Sensitivity analyses

We opted not to exclude offspring with major depressive disorder from the primary analyses because depression was common and excluding it would reduce the representativeness of the sample. However, to ensure that our results were not unduly influenced by offspring depressive disorders, we performed sensitivity analysis by excluding observations in which offspring had experienced a major depressive episode within the 12 months prior to the assessment. Additionally, the prevalence and clinical significance of basic symptoms has been shown to vary with age.Reference Schultze-Lutter, Ruhrmann, Michel, Kindler, Schimmelmann and Schmidt31 As we included participants across a broad range of ages, we stratified analyses by age and tested the effect of parent illness severity (control, NSMD, SMPD) on offspring basic symptoms among participants aged 11 years and under and 12 years and older separately (see supplementary materials).

Results

Participant characteristics and basic symptom scores

The sample included 93 offspring of control parents, 92 offspring of a parent with NSMD and 147 offspring of a parent with SMPD. The characteristics of the participants and the rates of antecedent basic symptoms across parent groups are shown in Table 1.

Table 1 Demographic and clinical characteristics of the participantsa

BS, basic symptoms.

a.

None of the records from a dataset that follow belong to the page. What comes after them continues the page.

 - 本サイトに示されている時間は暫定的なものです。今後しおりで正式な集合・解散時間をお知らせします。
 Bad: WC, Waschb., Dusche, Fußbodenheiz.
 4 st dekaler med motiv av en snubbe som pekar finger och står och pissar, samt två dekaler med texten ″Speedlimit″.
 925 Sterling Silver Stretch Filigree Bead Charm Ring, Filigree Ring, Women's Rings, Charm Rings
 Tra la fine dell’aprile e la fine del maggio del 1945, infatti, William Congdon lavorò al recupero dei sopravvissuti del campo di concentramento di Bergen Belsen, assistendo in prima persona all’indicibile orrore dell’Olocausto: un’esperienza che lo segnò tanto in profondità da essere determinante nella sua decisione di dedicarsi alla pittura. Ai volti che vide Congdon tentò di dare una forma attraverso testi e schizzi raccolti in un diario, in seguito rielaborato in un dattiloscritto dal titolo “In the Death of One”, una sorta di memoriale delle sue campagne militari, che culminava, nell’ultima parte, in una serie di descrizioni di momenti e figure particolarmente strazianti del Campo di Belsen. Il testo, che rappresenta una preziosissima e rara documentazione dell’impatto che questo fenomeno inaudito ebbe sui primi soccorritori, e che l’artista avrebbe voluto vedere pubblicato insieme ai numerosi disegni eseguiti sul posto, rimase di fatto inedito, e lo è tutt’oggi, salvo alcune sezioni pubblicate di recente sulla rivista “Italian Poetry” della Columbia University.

Differences between groups were tested using univariate ANOVA for continuous variables or χ2 tests for categorical variables.

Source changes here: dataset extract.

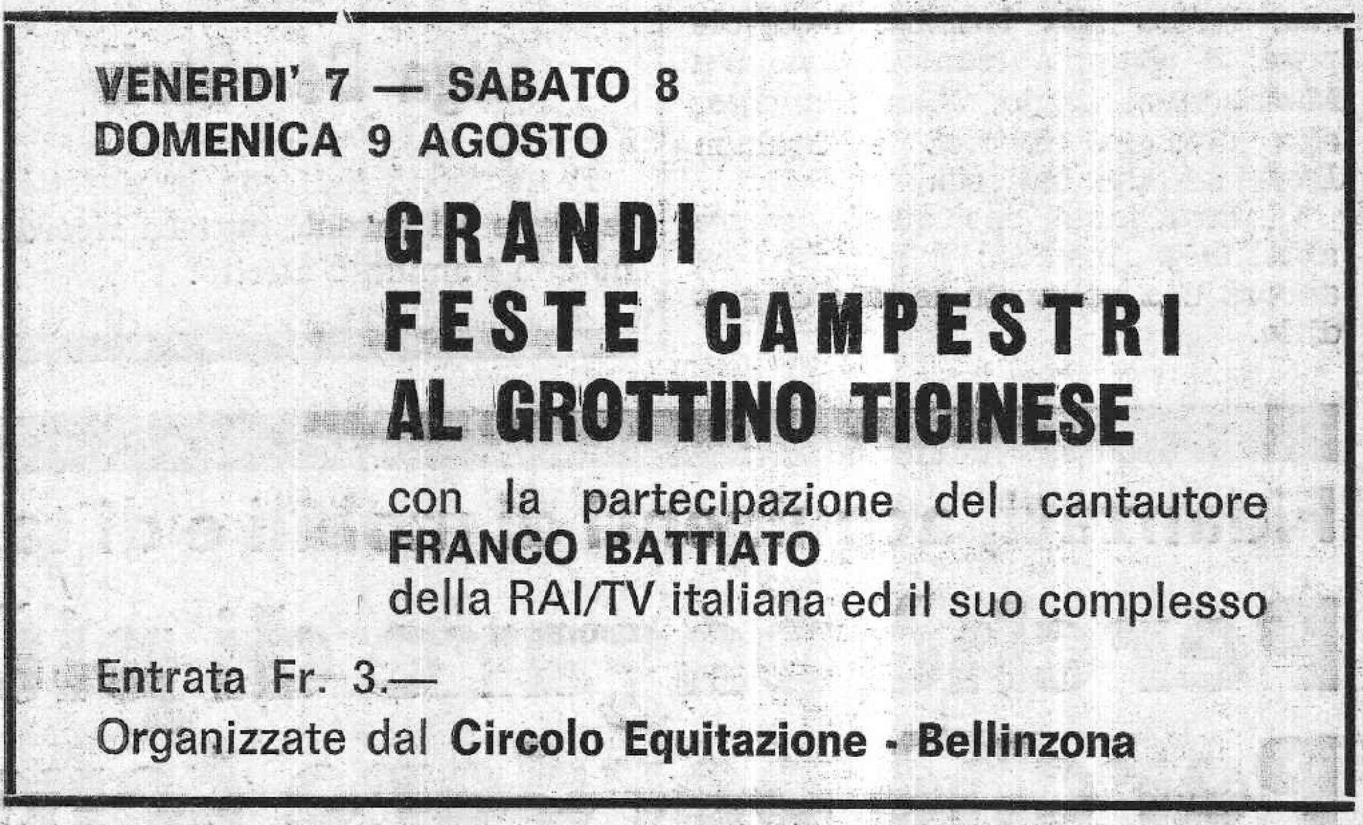 Per concludere con note più edificanti e leggere, possiamo passare agli eventi che le società sportive, anche in Ticino, hanno sempre organizzato per finanziarsi. Serate danzanti, risottate, tombole, sagre … Rientra in questo ricco ambito anche la serata promossa dal Circolo Equitazione di Bellinzona nell’agosto del 1970. Una serata con musica dal vivo al Grottino Ticinese. Niente di particolare, apparentemente, se non fosse che a dispensare note, quella sera, fu chiamato un tale Franco Battiato. Il poliedrico artista siciliano, allora, era noto per alcune partecipazioni a programmi tv RAI e aveva inciso solo una manciata di singoli (i "45 giri" del tempo). La sua carriera discografica ufficiale inizierà infatti solo due anni più tardi, con la combo ultrasperimentale composta dagli LP ‘Fetus’ (1972) e ‘Pollution’ (1973). Viene quindi da chiedersi che cosa possa mai aver presentato quella sera, per le feste campestri del circolo ippico.

b. Denotes statistically significant group differences between the three groups.

Differences in SPI-CY risk scores by parent illness severity

Across the 909 assessments of 332 children and youth with valid SPI-CY risk scores, basic symptoms were significantly elevated among the offspring of parents with SMPD compared with controls (B = 0.69, 95% CI 0.22–1.16, P = 0.004; see Figures 1 and 2). Basic symptom scores were numerically elevated among offspring of parents with NSMD, but this difference was not statistically significant (B = 0.22, 95% CI −0.30 to 0.73, P = 0.415). When we excluded observations at which offspring experienced a major depressive episode within 12 months prior to the assessment, basic symptoms remained significantly elevated among the offspring of parents with SMPD (B = 0.49, 95% CI 0.10–0.87, P = 0.014). Full regression results are shown in supplementary Tables 1 and 2. In age-stratified analyses, these findings remained consistent in both the younger (8–11 year olds) and older (12 years and older) subsets (see supplementary Tables 11 and 13 and supplementary Figs. 3 and 4).

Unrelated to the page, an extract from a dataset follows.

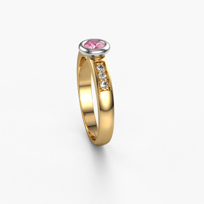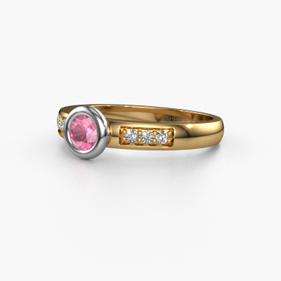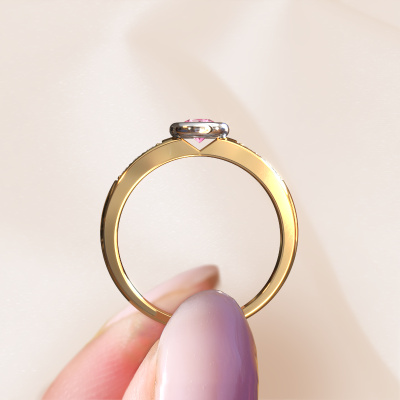 The ring shown above is called the Lieke. We call this type of ring a pavé solitaire ring because it has one centre gemstone and a band that is also pave set with gemstones. The 14 Carat gold engagement ring is set with a round 4 mm pink sapphire centre stone and the band is pave set with diamond gemstones. Each jewel is unique in every way! Simply customize to your likingThis classic gold pavé solitaire engagement ring has an exquisite round pink sapphire centre stone. To further accentuate the centre stone, the band is fully set with more diamonds. Its open prong setting allows light to strike the pink sapphire from various angles and this adds sparkle to your pink sapphire ring. The photo shown above depicts the goldsmith's carefully handcrafted details of the ring. The high positioning of the centre stone is truly eye-catching. The perfect engagement ring for the crown jewel of your life! By using a combination of the latest modern techniques, combined with ancient crafting, we can make all our engagement rings in our own studio. Each jewel is made to order. This is advantageous because we can offer you a price you won't find anywhere else.Different styles of new rings are made daily by our team. Perhaps you have found a pavé solitaire engagement ring somewhere. One you would like to give to your loved one. Please feel free to share your thoughts and design with our jewel designers. We would love to turn your design into a classic engagement ring. You can follow the development of your ring design because we use very detailed 3D drawings. On top of that, you can order a dummy of the design. A dummy is a plastic ring, which can be shaped according your ring design. You can try it on and check if the engagement ring is up to standard. We will gladly send you a non-binding offer, based on a fair price/ quality ratio. The offer will baffle you, considering the quality of the ring and gemstones.To make it easier for you, we offer a 30 day return policy. Check our terms and conditions.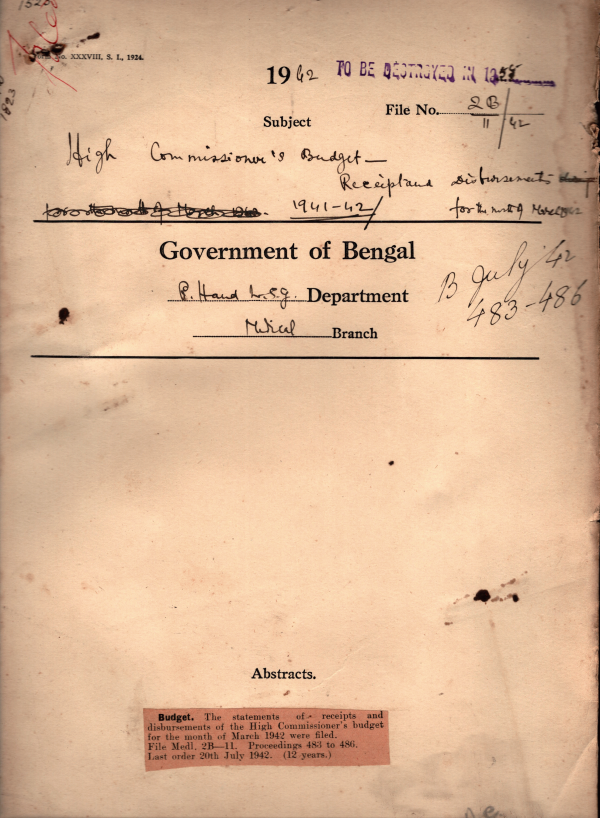 | Rack No. 09; Bundle No. 91 SL No. 7046 Supply of importation to govt. of India in respect of officers who are due to retire in 1939. | Rack No. 09; Bundle No. 91 SL No. 7047 Scheme for the stamping and distribution of Identity dices. | Rack No. 09; Bundle No. 91 SL No. 7048 Extension of the temporary stuff entertain in connect connection with war is S.G's office. | Rack No. 09; Bundle No. 91 SL No. 7049 High Commissioner budget Receipts and disbursement for the month march 1942. | Rack No. 09; Bundle No. 91 SL No. 7050 Appointment of Dr. Sachindra Nath Roy as Senior Demonstrator of Practical Pharmacy medical college hospital. | Rack No. 09; Bundle No. 91 SL No. 7051 Allowance to S.A.S. Mr. Jamian Rahman Medical Officers in charge of Police Hospital Rangpur doing the duties as the S.A.S. Rangpur Jail Hospital. | Rack No. 09; Bundle No. 91 SL No. 7052 A comprehensive rule of the S.K. hospital Mymensingh. |

NSMD, non-severe mood disorder, SMPD, severe mood and psychotic disorders. Error bars represent standard error of the mean.

Fig. 1 Mean Schizophrenia Proneness Instrument – Child and Youth Version (SPI-CY) risk score and Cognitive Disturbances (COGDIS) score, stratified by parent illness severity group.

Circles represent the effect size of the standard deviation (s.d.) increase in Schizophrenia Proneness Instrument – Child and Youth Version (SPI-CY) risk score compared with controls for each parent group. Whiskers represent the standard error.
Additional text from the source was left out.